Liebeserklärung an Lichtenberg: Trampelpfade, Sehnsuchtswege
Ode ans Urbane: Die vier Medienkünstler Heinz Emigholz, Harun Farocki, Maria Vedder und Johannes Kochs stellen gemeinsam aus.
Das Liebesgedicht an Lichtenberg muss erst noch geschrieben werden. Die ersten Zeilen aber haben vier Medienkünstler schon einmal verfasst. Unter dem Titel „Moments of Awareness“ zeigen sie in der Kommunalen Galerie des Bezirks ihre Ode ans Urbane: Heinz Emigholz, der im vergangenen Jahr überraschend verstorbene Harun Farocki, Maria Vedder und Johannes Kochs, der den Anstoß zur gemeinsamen Ausstellung gab.

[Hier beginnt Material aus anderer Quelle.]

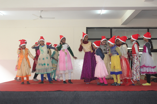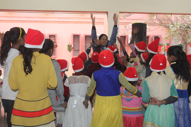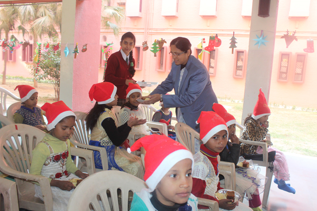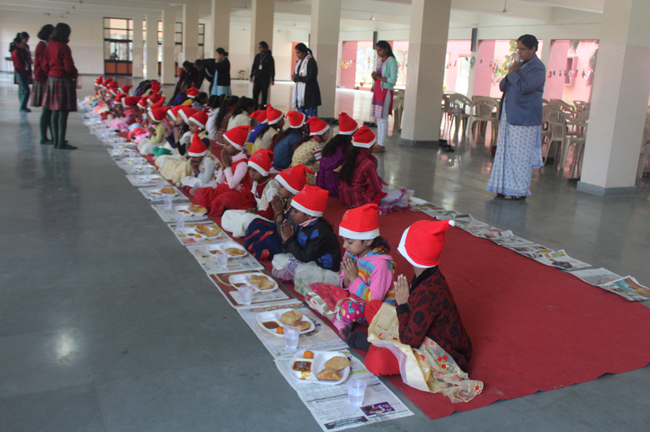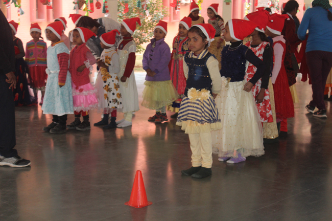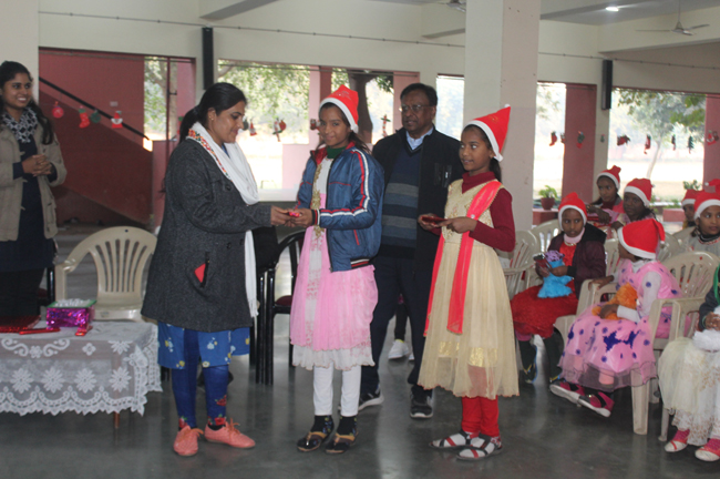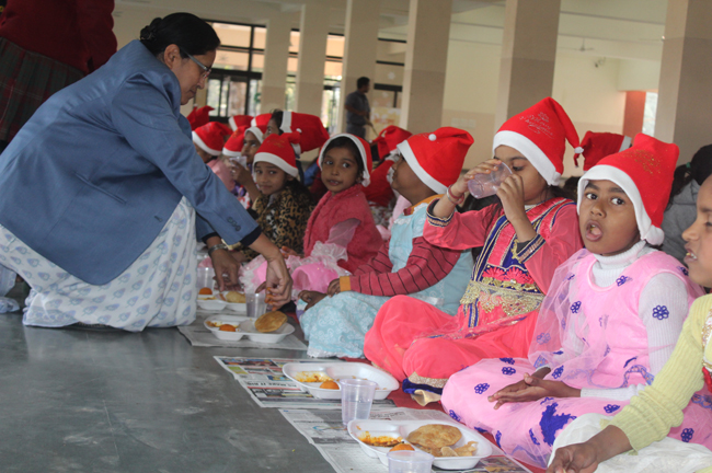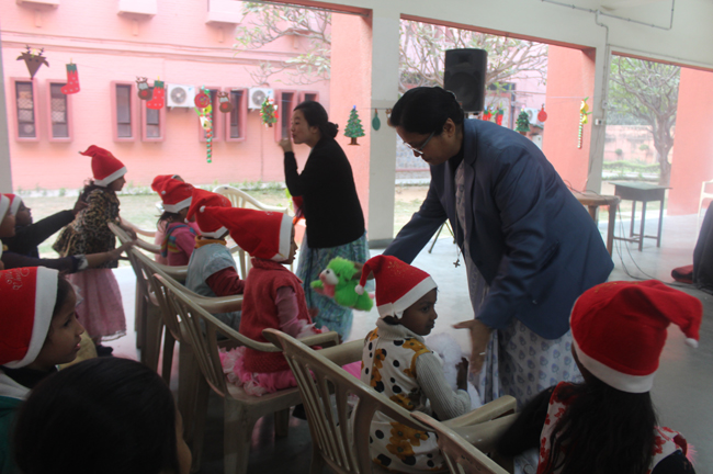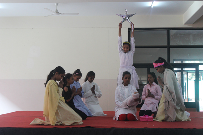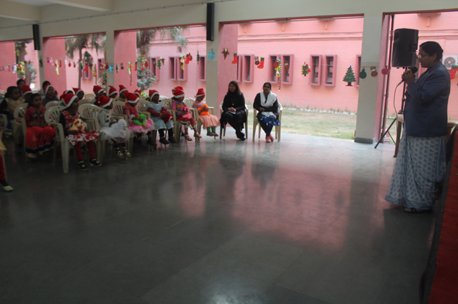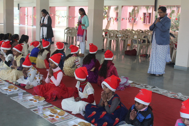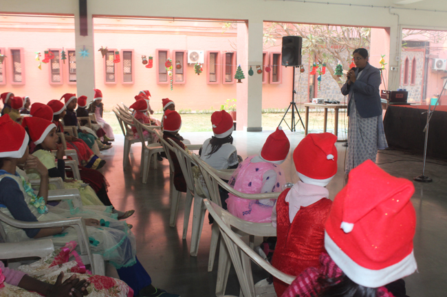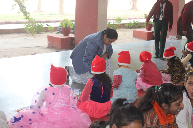 Description: The students of Class 8 and 10 of Loreto Convent School, Delhi Cantt hosted Christmas Celebrations for the Jeevan Rekha students in the evening classes conducted for the underprivileged children of the nearby Jharera village. The event headed by the esteemed principal, Sr. Archana and the coordinators Mrs. Priya Nasir and Mrs. Simi Joseph and Mrs. Leena Mathew, commenced at 2: 30 pm when the children were welcomed and each was presented with a Santa Claus cap. The children were given refreshments of cake and juice. The programme began with a short and meaningful prayer service. This was followed by an enthralling play depicting the Nativity presented by the students of Class 8. The students presented hymns and songs under the guidance of Mrs. Ghoshal. The students of Jeevan Rekha too presented a prayer dance, the festivity of Christmas on the song Silver Bells, and a tableau on Nativity on the song ‘Do you see what I see’. Mrs. S. Aggarwal and Mr. Minhas conducted sports competitions for the children and prizes were given to the winners by the Principal, Sr. Archana. Refreshments of a scrumptious plate of Puri - Chana and Laddu were provided. Each child of the Jeevan Rekha Programme was gifted with a bountiful hamper. Sr. Archana addressed the children with greetings and good wishes for the season. She encouraged the children to study well and emphasized on the need to grow into good human beings. The programme ended at 4: 30 pm.
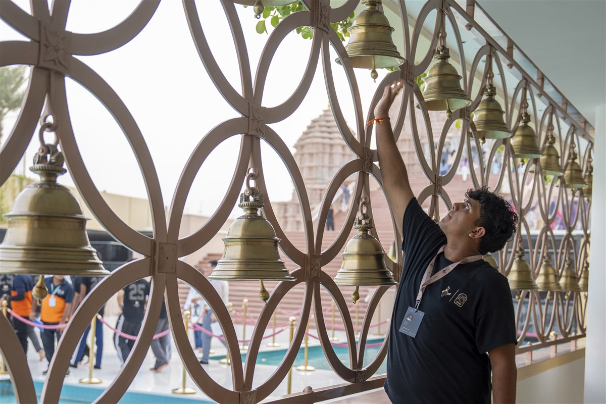 A delegate rings one of the many bells around BAPS Hindu Mandir, Abu Dhabi

Alle Vier leben und lebten im Victoria-Kiez, jener von Bahndämmen umschlossenen steinernen Insel, ein klassischer Arbeiterkiez, in dem Heinrich Zille seine Milljöhstudien machte. Bis vor Kurzem schien der Boom der aufstrebenden Stadt an ihr vorüberzugehen. Der Krach von der Großbaustelle am Ostkreuz lärmte zwar herüber, aber auf der Riesenbrache, wo einst das Gasometer stand, herrschte noch die Idylle: Hier schlug der Kinderzirkus sein Zelt auf, hier wurde gepicknickt, wurden Ostereier versteckt. Inzwischen sind auch auf diesem letzten freien Fleck Betonwände hochgezogen, ein riesiger Block für 160 Wohnungen, die dem Viertel zahlreiche Neubewohner bescheren.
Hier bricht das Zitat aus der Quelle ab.